Of course, we shouldn't be surprised about how this narrative is evolving. Of the three Obama administration alternatives, the one it is reportedly leaning towards would provide the biggest role for government going forward -- and the most cover for the real estate industry and Wall Street. Their lobbying is so powerful that it has managed to create an alternative reality in which few people now question the assertion that without a government guarantee, there could be no 30-year, fixed-rate mortgage. Indeed, Goldfarb's article implies that this assertion is an obvious, unquestionable fact:
But if this approach became law, it probably would keep in place the kind of popular home loans that have been around for decades -- 30-year fixed-rate mortgages with relatively low interest rates.

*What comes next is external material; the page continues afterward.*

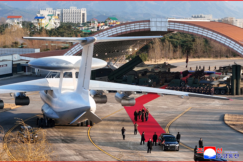 김정은동지께서 비행장에 도착하시자 전체 공군장병들은 탁월한 군건설사상과 비범한 군사적예지로 공화국무력발전의 일대 전성기를 열어주시고 오늘은 인민공군의 전투적행로에 길이 빛날 무상의 영광을 안겨주시는 백전백승의 강철의

I suppose the jumbo market -- mortgages too large to have obtained a government guarantee -- should just be overlooked? After all, qualified borrowers were able to obtain 30-year, fixed rate, relatively low interest rate mortgages without a government guarantee. Any claim that the 30-year, fixed rate mortgage cannot survive without government support is unfounded.
But it really isn't quite fair to single out the Obama administration here. Many Republicans also appear to be embracing a continued strong government role in the mortgage market. In fact, two California Republicans have already introduced bills that would keep the government's aggressive role in housing finance mostly intact.

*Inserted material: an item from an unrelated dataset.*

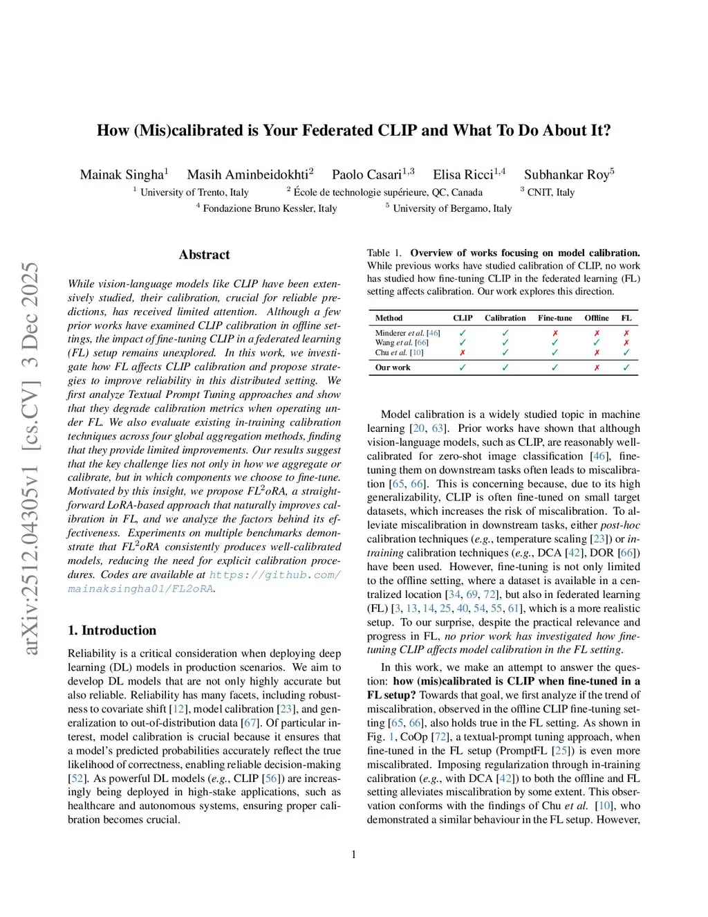 While vision-language models like CLIP have been extensively studied, their calibration, crucial for reliable predictions, has received limited attention. Although a few prior works have examined CLIP calibration in offline settings, the impact of fine-tuning CLIP in a federated learning (FL) setup remains unexplored. In this work, we investigate how FL affects CLIP calibration and propose strategies to improve reliability in this distributed setting. We first analyze Textual Prompt Tuning approaches and show that they degrade calibration metrics when operating under FL. We also evaluate existing in-training calibration techniques across four global aggregation methods, finding that they provide limited improvements. Our results suggest that the key challenge lies not only in how we aggregate or calibrate, but in which components we choose to fine-tune. Motivated by this insight, we propose , a straightforward LoRA-based approach that naturally improves calibration in FL, and we analyze the factors behind its effectiveness. Experiments on multiple benchmarks demonstrate that consistently produces well-calibrated models, reducing the need for explicit calibration procedures. Codes are available atthis https URL.

As I've said before, we know how this is going to end. Taxpayers never stood a chance when facing opponents as formidable as the real estate industry and Wall Street.
Update: The Treasury has provided a response to the WaPo piece, suggesting that it still intends to wind down Fannie and Freddie and protect taxpayers. On the first point, this may be a technical dispute. The WaPo piece appears to indicate that Fannie and Freddie may have new names and somewhat new purposes, but still exist in a reanimated form. On the second point, it comes down to whether or not you believe the government can safely protect taxpayers while providing catastrophic guarantees for most mortgages. I'm skeptical. Here's an additional excerpt from the Treasury's statement:
The Washington Post article also makes a factual error in suggesting that the Administration has settled on a single proposal for the long term structure of the housing finance market. In fact, at the request of the President, the housing finance reform team at the White House, the Treasury Department, and the Department of Housing and Urban Development continues to weigh and analyze each of the options laid out in the Administration's report to Congress.
So this may still be a work in process. But the WaPo appeared (to me anyway) to indicate that the White House was leaning heavily in the direction of the catastrophic guarantee option. Time will tell.